Lessons Learned: Five Years of Serving Human Trafficking Survivors

Jan. 29, 2020

by Deborah Pembrook, Human Trafficking Outreach Manager

This year marks the fifth anniversary of Monterey County Rape Crisis Center providing direct services to human trafficking survivors. Since 2015, we have ensured that survivors of all forms of trafficking in Monterey County have access to advocacy, counseling and confidential support.

To be clear, MCRCC has served survivors of sexual assault who also experienced human trafficking since our inception. However, in the last five years, we have made the support of human trafficking survivors explicit. As an example of our commitment, we have expanded our mission statement to include all survivors of human trafficking in Monterey County.

In January, Deputy Director Lauren DaSilva and I spoke at the Monterey County Human Trafficking Symposium about the lessons learned over the last five years. As we prepared for our presentation, we knew we would be speaking to teachers, school administrators and social workers who cared deeply about trafficked youth, so we devoted much of our training to how to talk with young survivors.

Here is an excerpt of the guidelines we gave on speaking to survivors of human trafficking.
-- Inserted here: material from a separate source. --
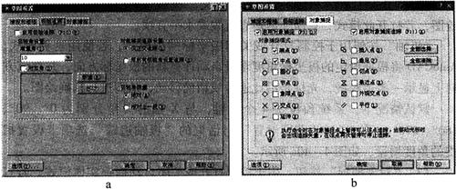 图4-39 “草图设置”对话框 “栅格”按钮可用于打开或关闭“栅格”显示。当显示栅格时,屏幕上将布满小点,可以通过“草图设置”对话框的“捕捉和栅格”选项卡,设置栅格的X轴、Y轴的间距。 (2)“正交”和“极轴”按钮:“正交”按钮用于控制是否以正交方式绘图,若打开此模式,只能绘制垂直直线或水平直线。 “极轴”按钮用于控制打开或关闭极坐标捕捉模式,若使用这种模式,AutoCAD将根据设定的极坐标角度增量自动计算新的极坐标方向,并在该方向上显示一条追踪线,光标将沿此追踪线精确移动,从而进行精确绘图。 默认情况下,系统预设了4个极轴,与X轴的夹角分别为0°、90°、180°、270°。可以通过“草图设置”对话框的“极轴追踪”选项卡设置捕捉的角度增量,如图4-40a所示。
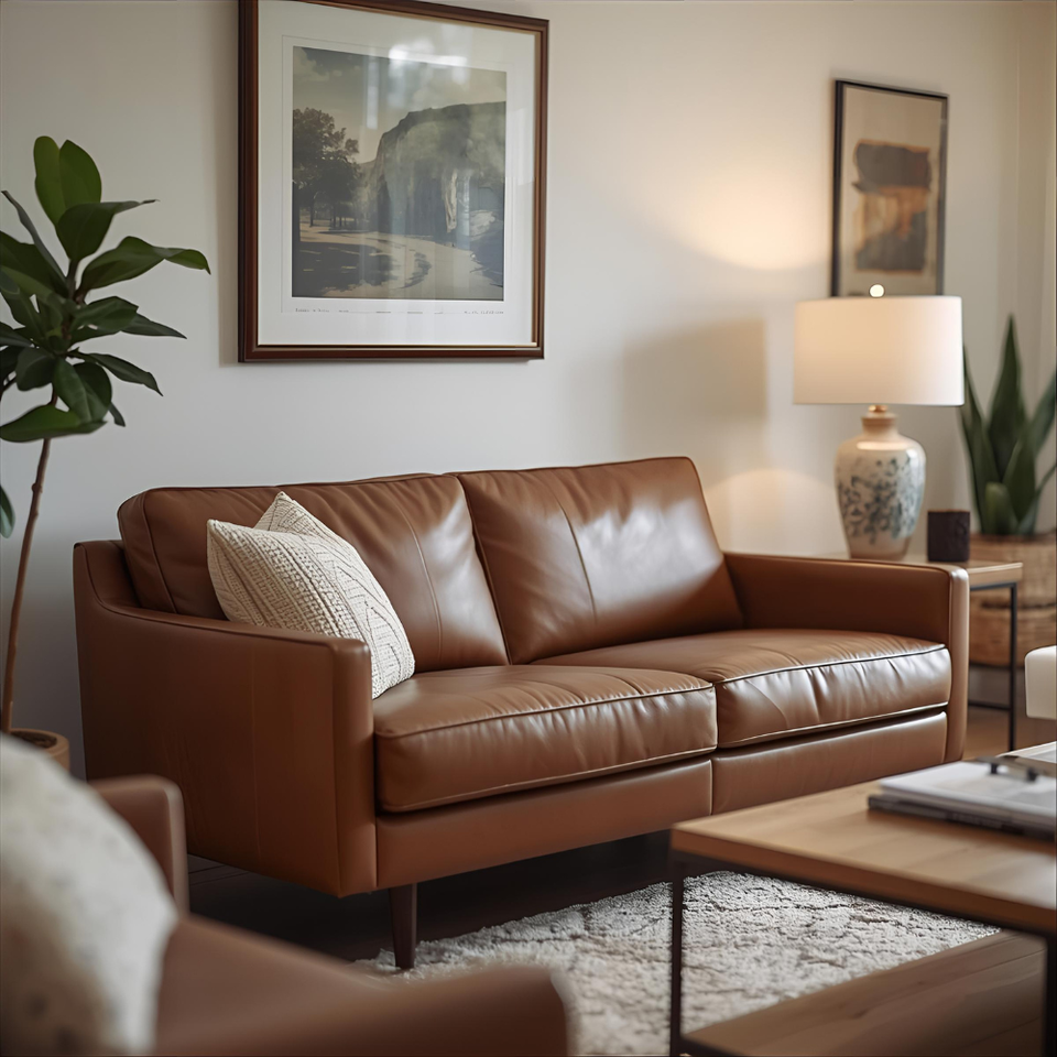 Description:Modern Leather 3-Seater Sofa Minimalist Style with Wooden Legs

Although our focus was on speaking to trafficking survivors, we also follow these guidelines when speaking with any trauma survivor.  

Be kind

Sadly, too often, teen trafficking survivors describe being criticized, blamed or repeatedly scolded by those who are offering help. Time and again, we have seen the people in a youth’s life change from criticism to deep compassion once they understand the complex array of traumas the youth has faced.

So here at MCRCC, we strive to always begin with compassion. It is not necessary to know anything about a survivor’s experience to know that every survivor of human trafficking deserves warmth, understanding and kindness.

Be passionate

We have a lot of work to do in our community. We could not have taken the steps we have as an agency without the devoted passion of our advocates and staff. It is only through our passion for survivors that we have been able to grow our human trafficking outreach, expand the numbers of survivors served and work collaboratively with community partners.

Be present

Human trafficking is a serious and severe trauma. Survivors need to know that the people standing with them are strong, clear and open. We know the path to staying with a survivor isn’t by shutting down or dissociating from the pain the survivor experienced. Staying present, despite the painful truth of what happened, helps us stay resilient to our own vicarious trauma. This helps us so that we can truly meet a survivor in the eye and show them that we see them.

Be real

As we prepared our presentation, Lauren spoke with several young survivors about what they wanted the community to know. One survivor asked us to tell everyone not to come to her with a clipboard. She has had enough of people engaging with their clipboard and not connecting with her.

Instead, she asked for our realness. If we connect with the person, we can show we are listening and that we understand.


Our commitment to human trafficking survivors is real, passionate and present. We are in the fight to end human trafficking and we are here to stay. As we move into the future, we look forward to continuing to learn from survivors and meet them where they are.